From reading Mr Berardi’s articles on massive eating etc, I worked out that I need 4000+ cals a day. I can eat 6 meals a day and since I abhor oatmeal, I’ve decided to replace that with rice (being Japanese I can sit and eat rice all day) But I need help in constructing high protein/high fat/low carb meals. Its pretty easy to do the low fat meals as there are a lot of low fat products at the supermarket. But low carb meals are hard to come by. And since most of my meals (four meals a day) is at work, the meals has to be transportable. Any help in this matter is greatly appreciated.

I eat at least 3 times during work myself. When I get stuck, I always have a few high protein bars in my desk.
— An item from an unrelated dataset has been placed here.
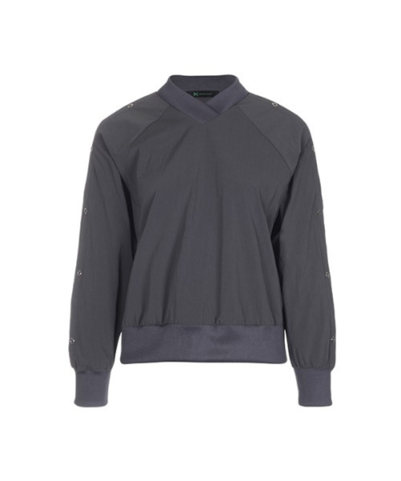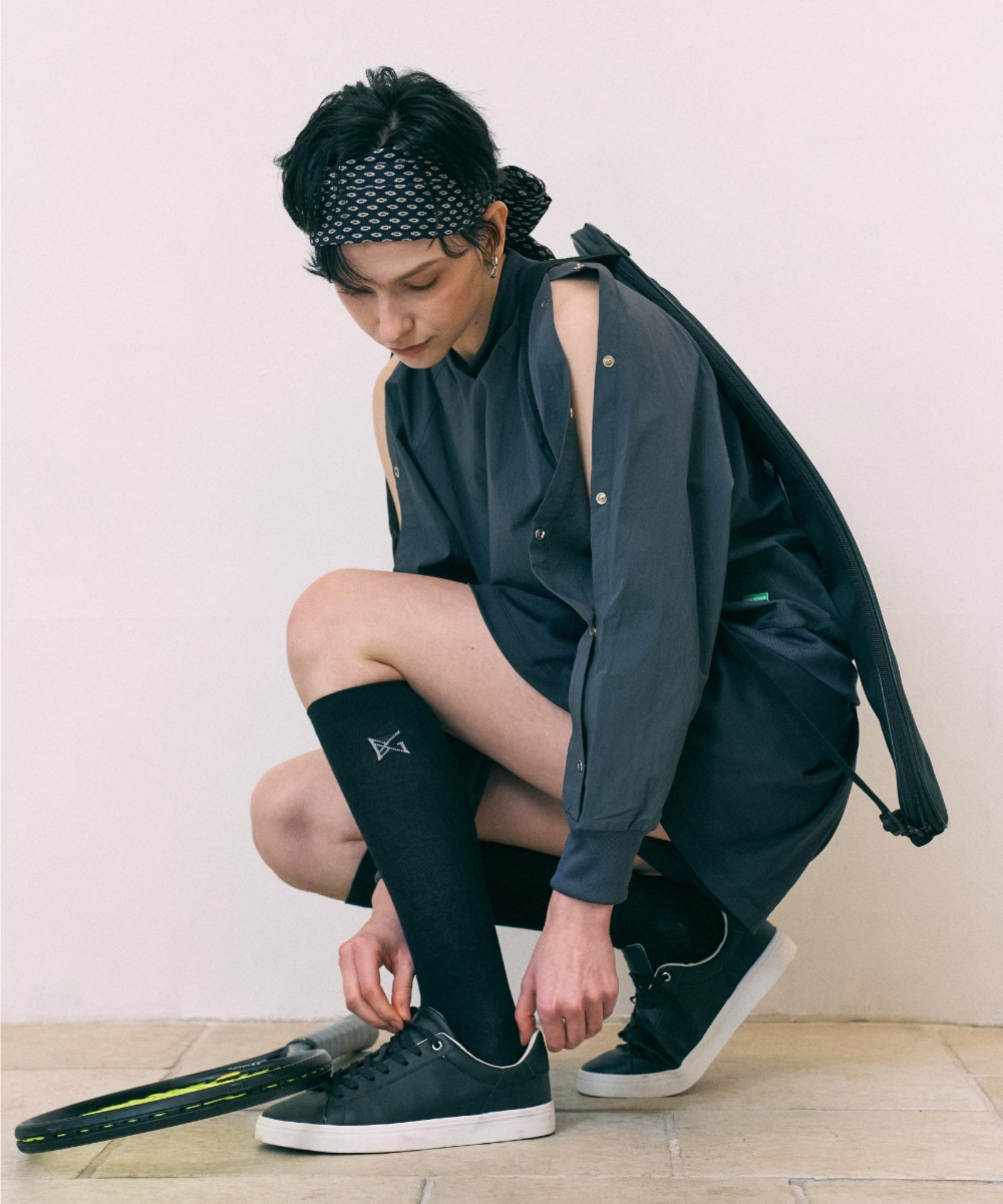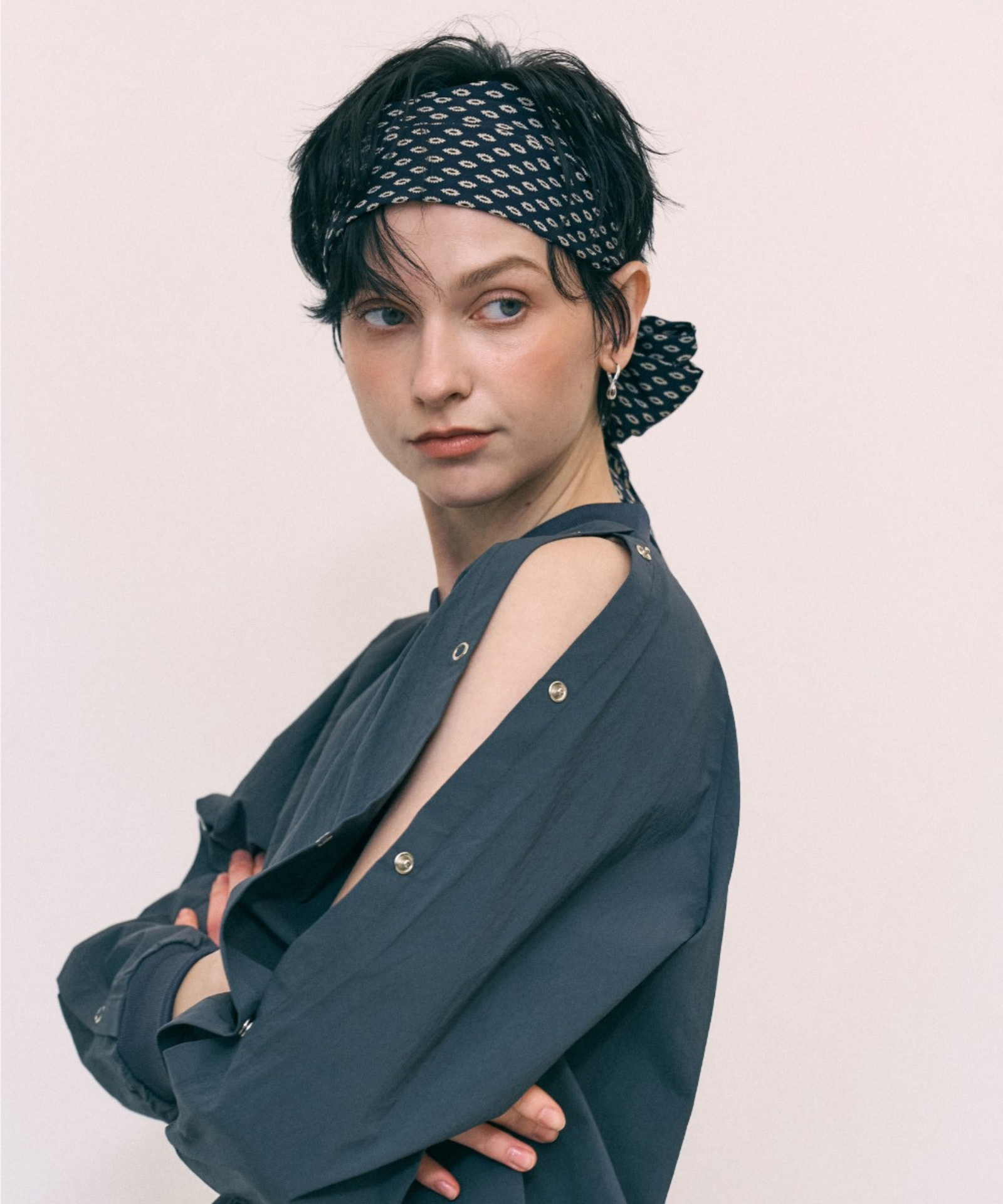 Lightweight, functional windbreaker material with water-repellent treatment. Openable snap button detail. Functional Shibori finish. Logo label with color point. Lightweight, stretchy windbreaker material. Water-repellent treatment for a water-resistant effect. Shoulder team detail adds ventilation effect. Real snap button that can be opened and displayed. Logo label with color point.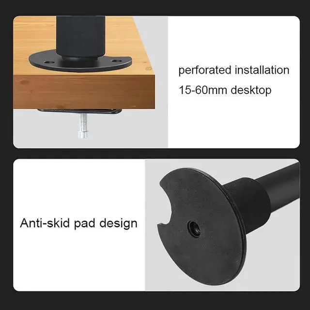 Desktop mount options: The unit can be mounted using perforated installation. while perforated installation fits desks 1.5-6cm/0.59-2.36inch thick, easy to assemble.

Mostly eating well at work involves a lot of planning and preparation. Most of my meals involve lean meat. I cook these the night before and then refrigerate. When I get up the next morning I cut up the meat and put it in plastic storage containers. I take everything to work in a cooler along with a diet pop and the necessary utensils. It drives my coworkers crazy when they see me eating a steak at 10 in the morning because all they have had is a donut or something. People eventually get used to you eating alot and as long as you get your work done, it shouldn’t be a problem.

Try putting down some cans of tuna along with the desired amount of olive oil. Thats what I use for my high fat meals.

Cromagnon, I see there are some common routines performed all over the world. >:)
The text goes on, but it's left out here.